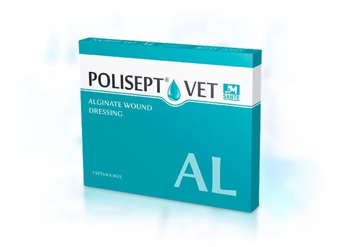 Polisept® Vet AL – Alginate Wound Dressing jest sterylnym, chłonnym opatrunkiem bezpośrednim, w postaci płaskich płytek (typu plaster), zawierającym alginian wapnia.
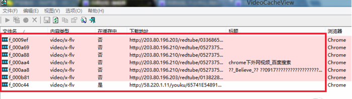 1、打开VideoCacheView,进入主界面可以看见显示出了目前寻找到的视频缓存。
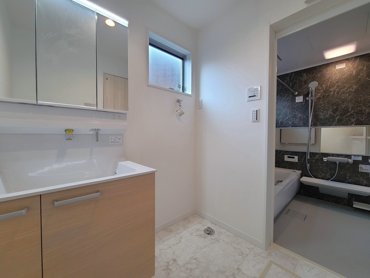 ゆとりの洗面スペースで朝の身支度もスムーズに行えます。
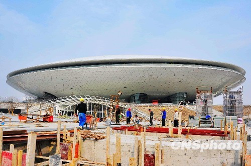 3月10日,距離2010年上海世博會(huì)開幕還有52天,世博園區(qū)工程已經(jīng)完成了95%以上,一軸四館中開工最晚的世博文化中心,其內(nèi)部已進(jìn)入最后的裝修收尾階段。配套的水、機(jī)電等系統(tǒng)開始進(jìn)行調(diào)試,外部的草坪鋪設(shè)和道路修整也進(jìn)入沖刺階段,預(yù)計(jì)所有工作將確保在本月底完成。中新社發(fā) 沈春琛 攝
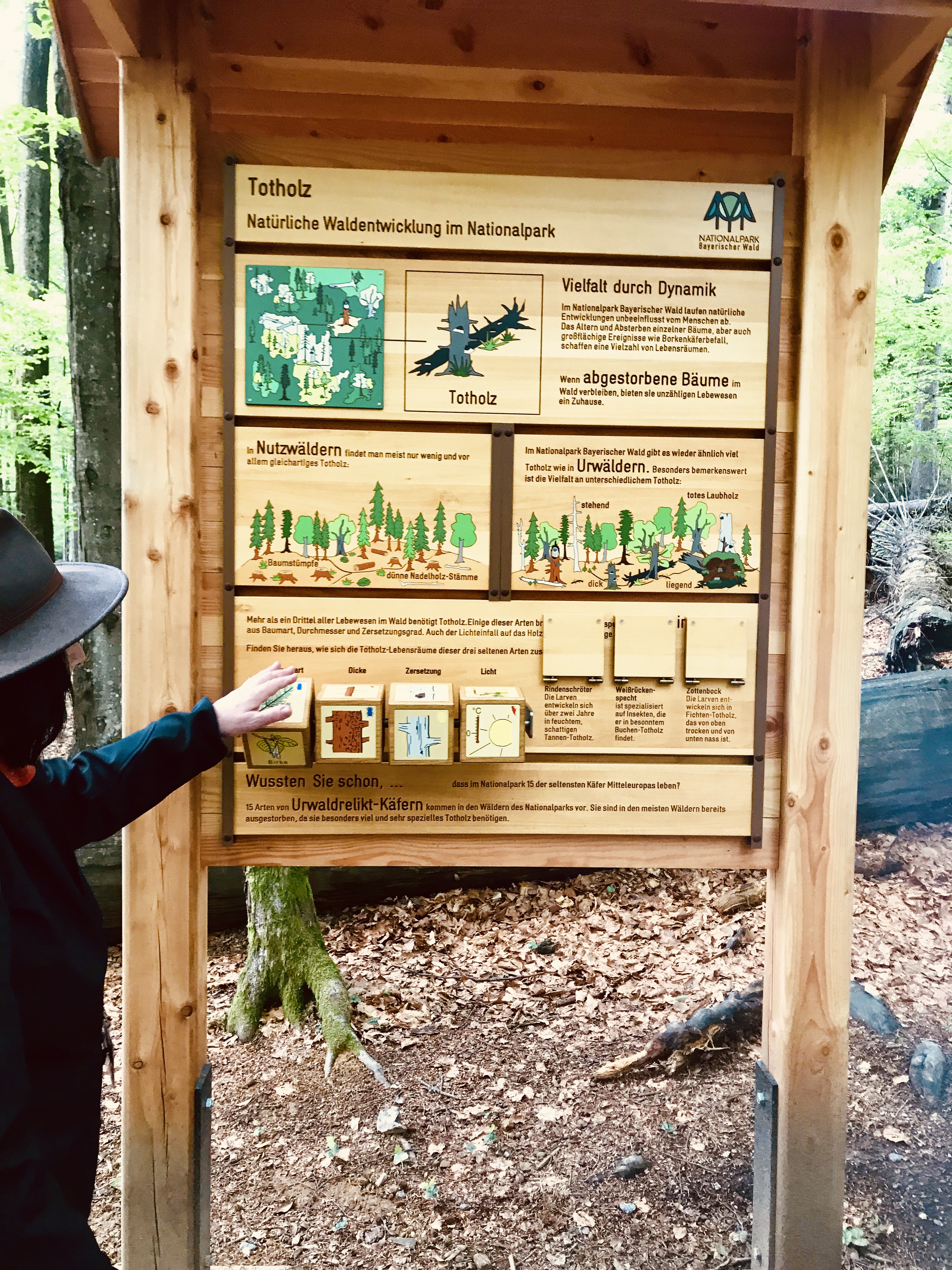 Bevor wir in den Nationalpark starteten, machten wir erst im Hans-Eisenmann-Haus am Lusen halt, um uns näher über den Park zu informieren. Das Informationszentrum ist nach Hans Eisenmann benannt, der in den 70er Jahren Staatsminister für Landwirtschaft und Forsten war und sich sehr für die Renaturierung des Bayerischen Walds und für den Nationalpark als Naturschutzzone einsetzte. Das Informationszentrum beherbergt eine informative und interaktive Dauerausstellung „Wege in die Natur – Eine Geschichte von Wald und Menschen“. Sie klärt auf, was hinter der Philosophie „Natur Natur sein lassen“ steckt und wie sich das Schutzgebiet seit seiner Gründung weiterentwickelt hat. Wir lernten, welche heimischen Pflanzen und Tiere im Nationalpark angesiedelt sind bzw. leben – für die Kinder war alles interaktiv und spielerisch an elf Hörstationen aufbereitet. Sehr sehenswert! Auch erzählte uns Waldführerin Marianne viel über die Anfänge des Nationalparks und die Widerstände gegen einen Wald, der nicht geforstet und daher „unordentlich“ aussieht.
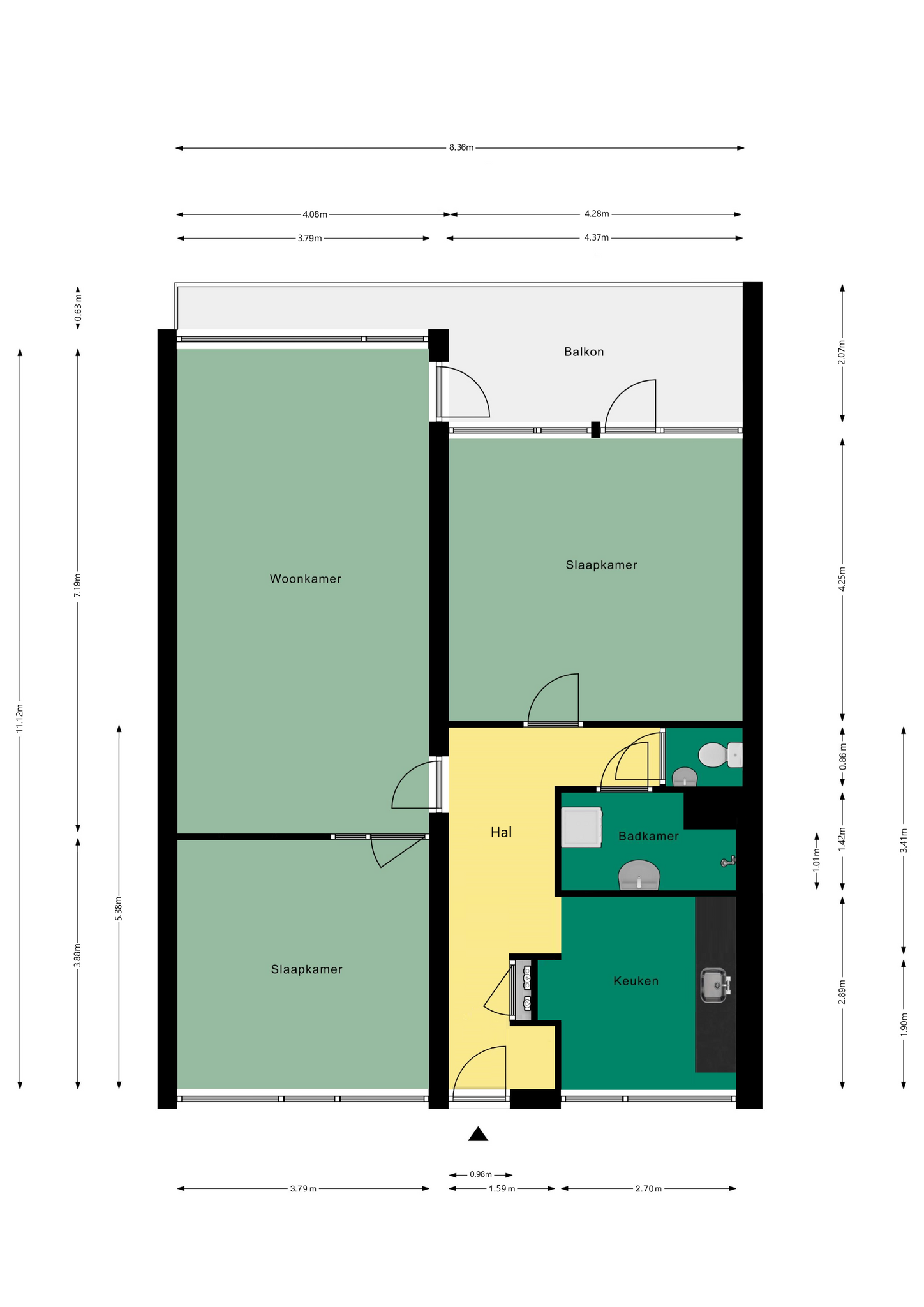 Achter de voordeur bevindt zich de ruime entreehal. Deze is voorzien van een praktische garderobenis, de meterkast en de videofooninstallatie. Vanuit de hal heb je toegang tot de keuken, badkamer, toiletruimte, woonkamer en de grootste slaapkamer.
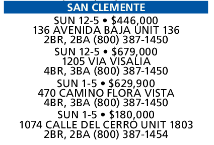 SAN CLEMENTE SUN 12-5 • $446,000 136 AVENIDA BAJA UNIT 136 2BR, 2BA (800) 387-1450 SUN 12-5 • $679,000 1205 VIA VISALIA 4BR, 3BA (800) 387-1450 SUN 1-5 • $629,900 470 CAMINO FLORA VISTA 4BR, 3BA (800) 387-1450 SUN 1-5 • $180,000 1074 CALLE DEL CERRO UNIT 1803 2BR, 2BA (800) 387-1454
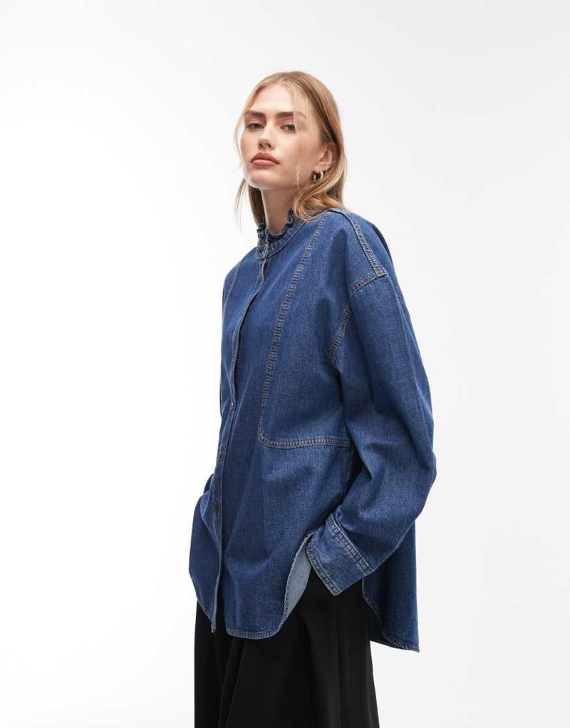 Denim Shirt With Frill Grandard Collar In Blue Wash
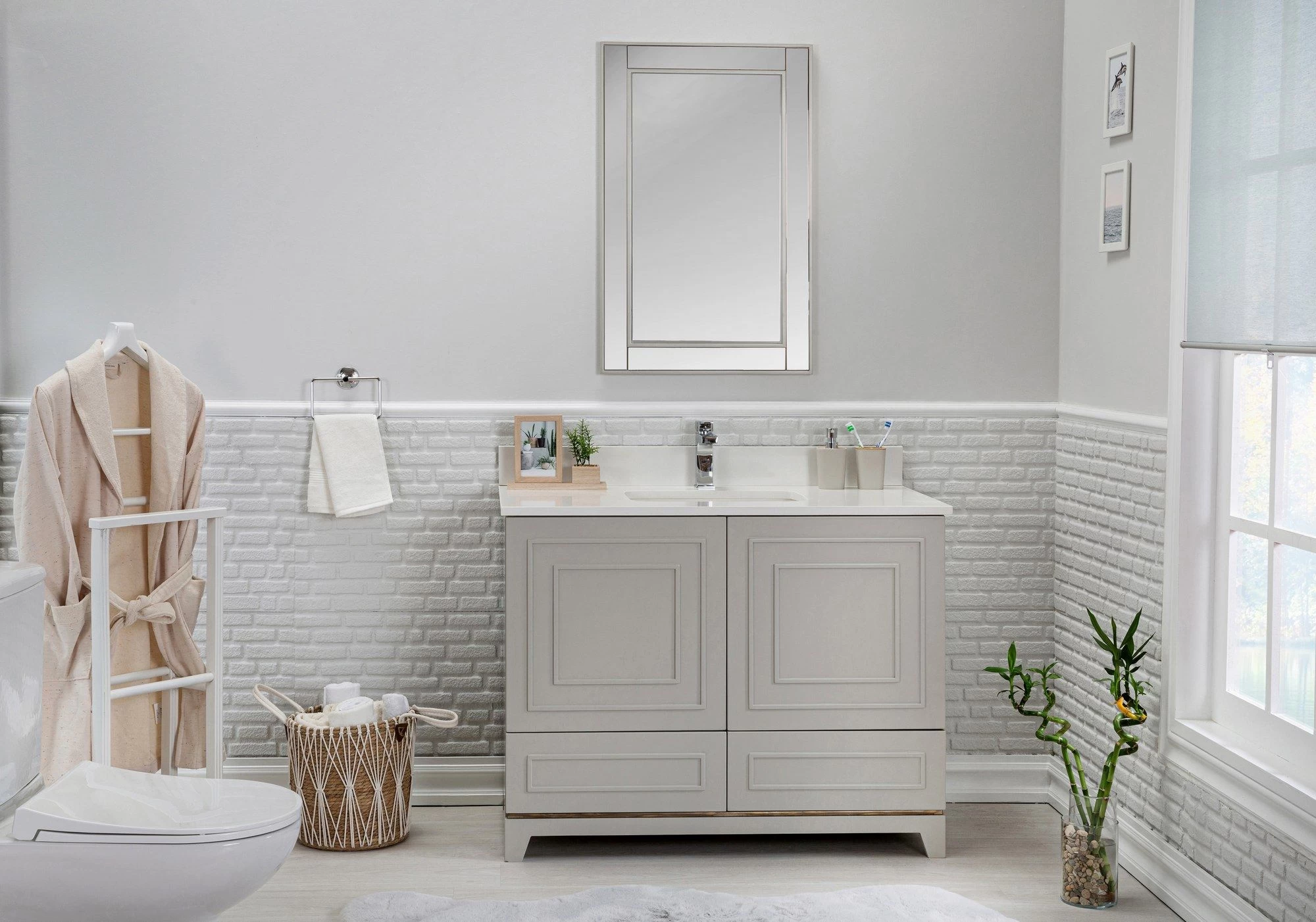 Soyez le premier à laisser votre avis sur “Jussara” Ensemble De Salle De Bain | 2 Pièces | MDF Laqué | Comptoir En Quartz Blanc | Gris” Annuler la réponse
####################
§ Problem description
Word for word, reproduce the material above and omit each image.

§ Task answer
 Polisept® Vet AL – Alginate Wound Dressing jest sterylnym, chłonnym opatrunkiem bezpośrednim, w postaci płaskich płytek (typu plaster), zawierającym alginian wapnia.
 1、打开VideoCacheView,进入主界面可以看见显示出了目前寻找到的视频缓存。
 ゆとりの洗面スペースで朝の身支度もスムーズに行えます。
 3月10日,距離2010年上海世博會(huì)開幕還有52天,世博園區(qū)工程已經(jīng)完成了95%以上,一軸四館中開工最晚的世博文化中心,其內(nèi)部已進(jìn)入最后的裝修收尾階段。配套的水、機(jī)電等系統(tǒng)開始進(jìn)行調(diào)試,外部的草坪鋪設(shè)和道路修整也進(jìn)入沖刺階段,預(yù)計(jì)所有工作將確保在本月底完成。中新社發(fā) 沈春琛 攝
 Bevor wir in den Nationalpark starteten, machten wir erst im Hans-Eisenmann-Haus am Lusen halt, um uns näher über den Park zu informieren. Das Informationszentrum ist nach Hans Eisenmann benannt, der in den 70er Jahren Staatsminister für Landwirtschaft und Forsten war und sich sehr für die Renaturierung des Bayerischen Walds und für den Nationalpark als Naturschutzzone einsetzte. Das Informationszentrum beherbergt eine informative und interaktive Dauerausstellung „Wege in die Natur – Eine Geschichte von Wald und Menschen“. Sie klärt auf, was hinter der Philosophie „Natur Natur sein lassen“ steckt und wie sich das Schutzgebiet seit seiner Gründung weiterentwickelt hat. Wir lernten, welche heimischen Pflanzen und Tiere im Nationalpark angesiedelt sind bzw. leben – für die Kinder war alles interaktiv und spielerisch an elf Hörstationen aufbereitet. Sehr sehenswert! Auch erzählte uns Waldführerin Marianne viel über die Anfänge des Nationalparks und die Widerstände gegen einen Wald, der nicht geforstet und daher „unordentlich“ aussieht.
 Achter de voordeur bevindt zich de ruime entreehal. Deze is voorzien van een praktische garderobenis, de meterkast en de videofooninstallatie. Vanuit de hal heb je toegang tot de keuken, badkamer, toiletruimte, woonkamer en de grootste slaapkamer.
 SAN CLEMENTE SUN 12-5 • $446,000 136 AVENIDA BAJA UNIT 136 2BR, 2BA (800) 387-1450 SUN 12-5 • $679,000 1205 VIA VISALIA 4BR, 3BA (800) 387-1450 SUN 1-5 • $629,900 470 CAMINO FLORA VISTA 4BR, 3BA (800) 387-1450 SUN 1-5 • $180,000 1074 CALLE DEL CERRO UNIT 1803 2BR, 2BA (800) 387-1454
 Denim Shirt With Frill Grandard Collar In Blue Wash
 Soyez le premier à laisser votre avis sur “Jussara” Ensemble De Salle De Bain | 2 Pièces | MDF Laqué | Comptoir En Quartz Blanc | Gris” Annuler la réponse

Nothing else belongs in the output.